Tuesday, September 08, 2009
Real Cajun, Real Simple
Travel is not just good for the soul, it's good for the table, as contributor Jim Dixon of Real Good Food found on a recent trip to New Orleans. You can find Jim on Tuesdays from 4:30 till 6:30 pm at Activspace, 833 SE Main #110-111, on the ground floor in the inner courtyard and at the Portland Farmers' Market on Sat., Aug. 29.
Last week I picked up a copy of Real Cajun: Rustic Home Cooking from Donald Link's Louisiana by the chef-owner of Cochon in New Orleans (he also owns Herbsaint).

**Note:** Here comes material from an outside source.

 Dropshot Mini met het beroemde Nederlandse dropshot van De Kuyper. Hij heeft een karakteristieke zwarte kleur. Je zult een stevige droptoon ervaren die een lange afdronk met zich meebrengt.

We had an amazing meal at Cochon last month, one that featured local ingredients prepared simply. Like the corn calas, pan-fried fritters made with cornmeal, cooked rice, and fresh corn and served with tomatoes tossed in olive oil and vinegar.

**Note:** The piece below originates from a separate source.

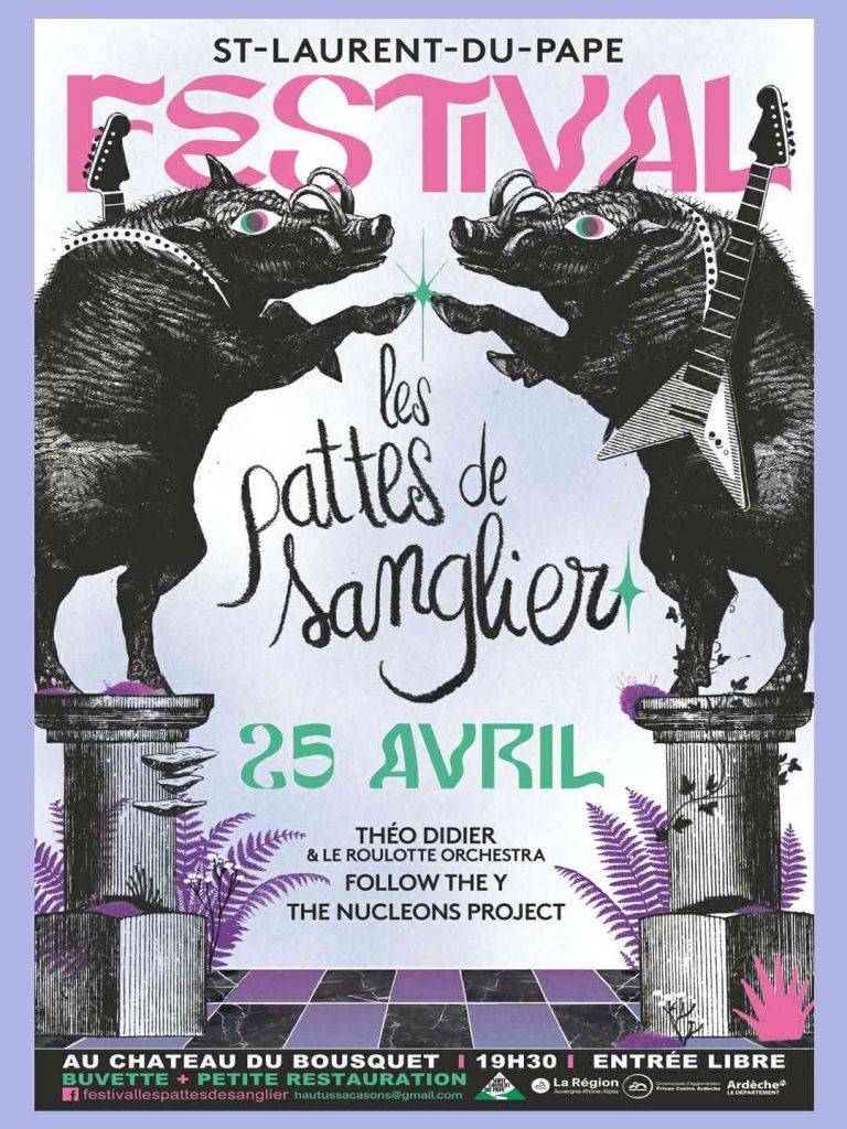 En cette année 2026, le festival Les Pattes de Sanglier propose de nous accueillir sur une unique soirée qui se tiendra le samedi 25 avril dans le parc du Château du Bousquet, sis sur la commune de Saint-Laurent-du-Pape. En accès libre, il nous offrira, outre des activités diverses et variées, pas moins de trois concerts. Des victuailles et breuvages de choix seront accessibles sur place afin de vous sustenter et vous réhydrater. Tout se déroulera dans une ambiance conviviale, familiale et festive et chacun pourra trouver son bonheur à cette occasion.

I was struck by the similarities with what I like to cook. Many dishes use a base of aromatic vegetables to build flavor, and what they call the trinity in Louisiana—onion, celery, and bell pepper cooked in fat—is basically the sofrito that’s the start of many Italian preparations.
So I was already feeling a little Cajun when I saw the fresh okra at the Groundworks booth last week at the farmers market. I got some, along with some yellow paste tomatoes, and made this:
Tomatoes and Okra
Adapted from Real Cajun: Rustic Home Cooking from Donald Link's Louisiana
Link’s technique of cooking the okra separately in hot oil keeps it from getting that slimy quality.

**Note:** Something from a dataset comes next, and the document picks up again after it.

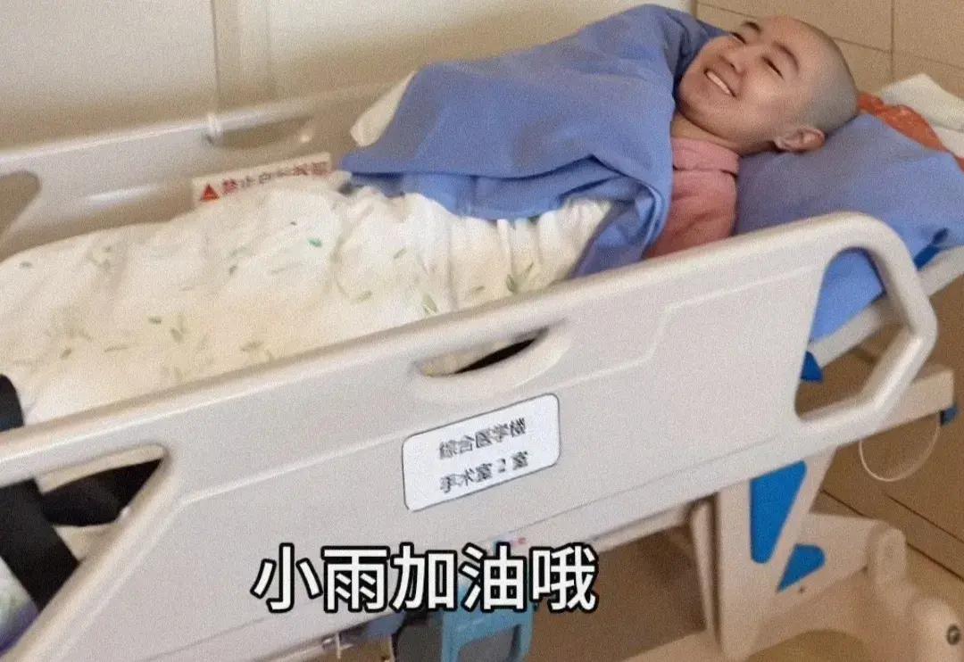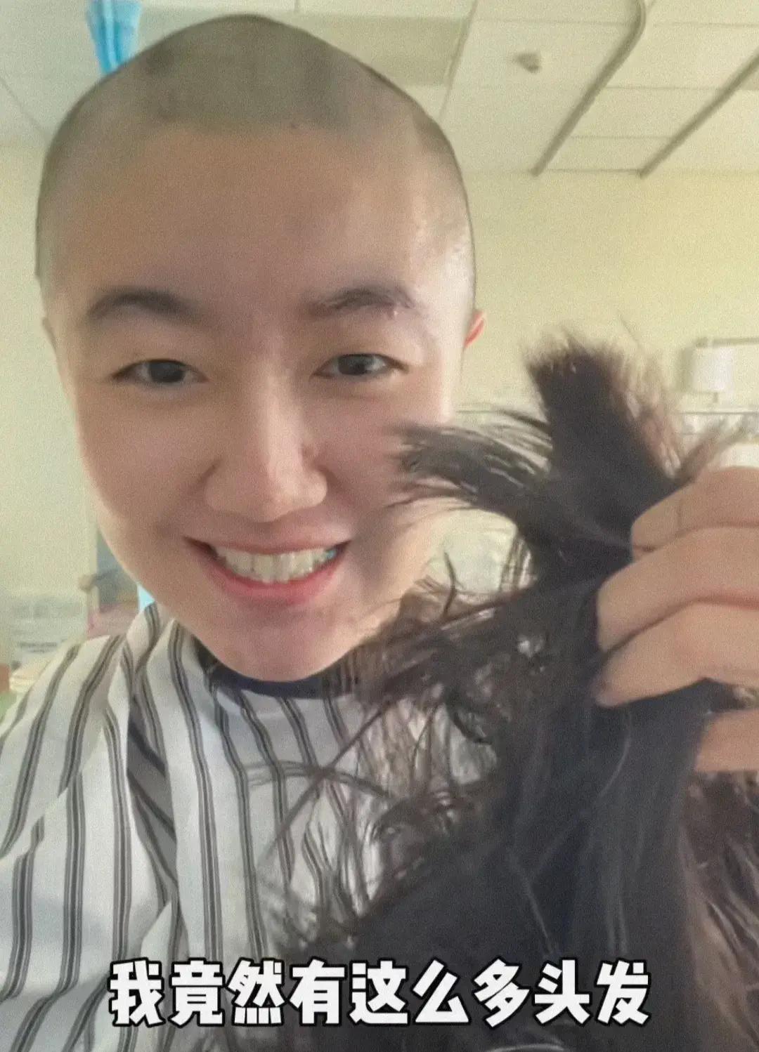 畫面中,平日裏活潑開朗的高君雨面容有些憔悴,看周圍的環境,像是在醫院裏,爲了方便手術,已經剃光了頭髮,儘管如此,依舊非常的樂觀,臉上帶着微笑,不得不說,此時此刻,還能保持良好的心態,讓人敬佩。

Cut a few slices of bacon into small pieces and cook in a little olive oil until browned (you could leave this out and just use olive oil, but it won’t be quite as delicious). Add a chopped onion, a pinch of salt, and, if you like a little heat, all or part of a finely chopped jalapeno or other mildly hot-to-incendiary pepper. Cook for a few minutes, then add 8 to 10 coarsely chopped paste tomatoes (e.g. Romas or similar; you can use slicing tomatoes, but you’ll need to cook them longer to reduce the liquid, or you could use a can of tomatoes). Add a decent splash of Katz Gravenstein Apple Cider Vinegar and cook for 20 minutes or until it thickens a bit. Adjust the salt.
Slice the okra into one inch chunks and cook in fairly hot olive oil until nicely browned, about 5 minutes. Add to the tomatoes and cook for another 10 minutes. Serve hot.